Starting at the first line of the material below and stopping after the line that includes "s, mala. | |", write the lines out again exactly. Drop any pictures.

__Provided data__
★ ★ ★ ★ ★
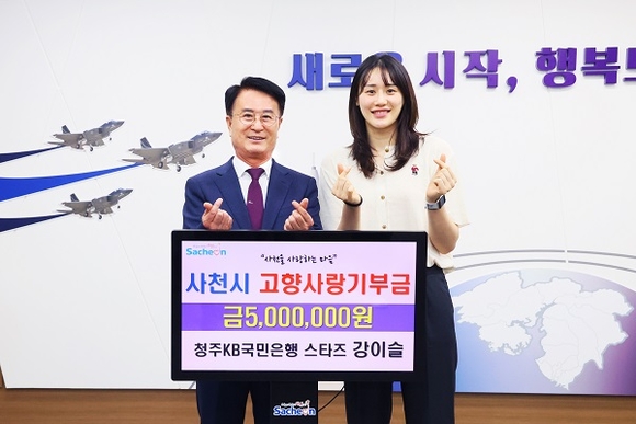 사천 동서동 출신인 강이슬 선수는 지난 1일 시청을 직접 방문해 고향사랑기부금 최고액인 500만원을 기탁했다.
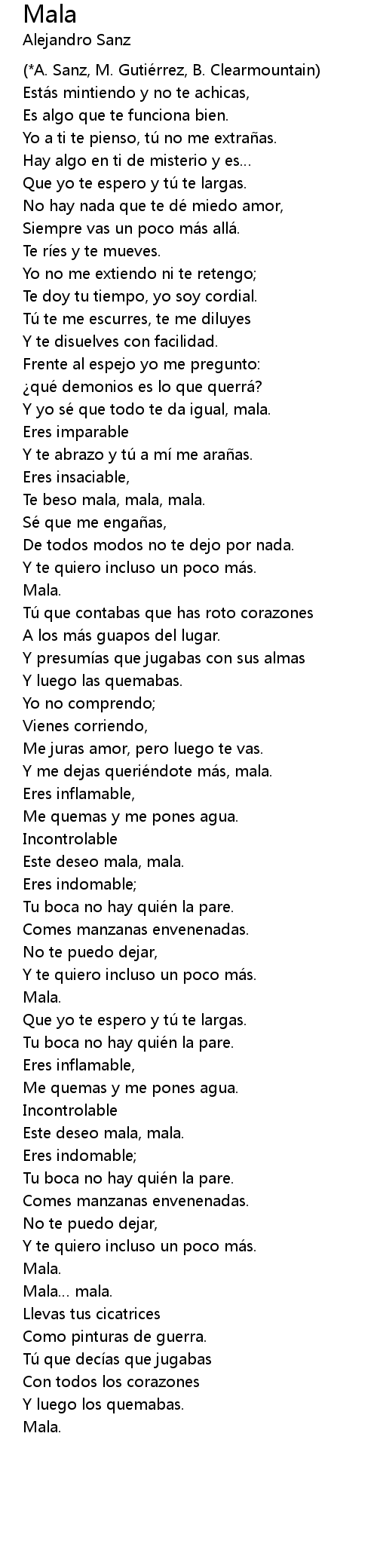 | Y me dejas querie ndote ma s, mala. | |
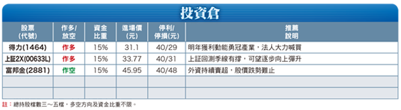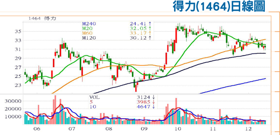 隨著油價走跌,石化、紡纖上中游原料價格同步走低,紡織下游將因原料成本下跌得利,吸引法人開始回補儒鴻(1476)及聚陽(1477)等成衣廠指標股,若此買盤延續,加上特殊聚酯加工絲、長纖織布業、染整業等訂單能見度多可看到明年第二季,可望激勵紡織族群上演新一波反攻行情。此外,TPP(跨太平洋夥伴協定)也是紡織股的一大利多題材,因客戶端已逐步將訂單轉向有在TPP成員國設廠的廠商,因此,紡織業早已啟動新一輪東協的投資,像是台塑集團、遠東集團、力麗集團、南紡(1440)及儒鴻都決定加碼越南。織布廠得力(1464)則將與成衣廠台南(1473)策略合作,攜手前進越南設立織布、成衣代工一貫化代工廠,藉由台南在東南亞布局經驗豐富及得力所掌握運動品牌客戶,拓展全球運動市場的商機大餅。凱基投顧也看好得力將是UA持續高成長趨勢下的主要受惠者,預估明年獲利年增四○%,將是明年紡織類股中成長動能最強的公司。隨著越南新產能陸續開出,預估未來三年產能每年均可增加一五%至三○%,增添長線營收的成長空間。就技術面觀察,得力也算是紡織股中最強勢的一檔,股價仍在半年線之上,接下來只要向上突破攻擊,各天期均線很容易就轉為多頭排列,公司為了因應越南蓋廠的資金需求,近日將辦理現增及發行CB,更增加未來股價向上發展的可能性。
★ ★ ★ ★ ★
__The completed task__
 사천 동서동 출신인 강이슬 선수는 지난 1일 시청을 직접 방문해 고향사랑기부금 최고액인 500만원을 기탁했다.
 | Y me dejas querie ndote ma s, mala. | |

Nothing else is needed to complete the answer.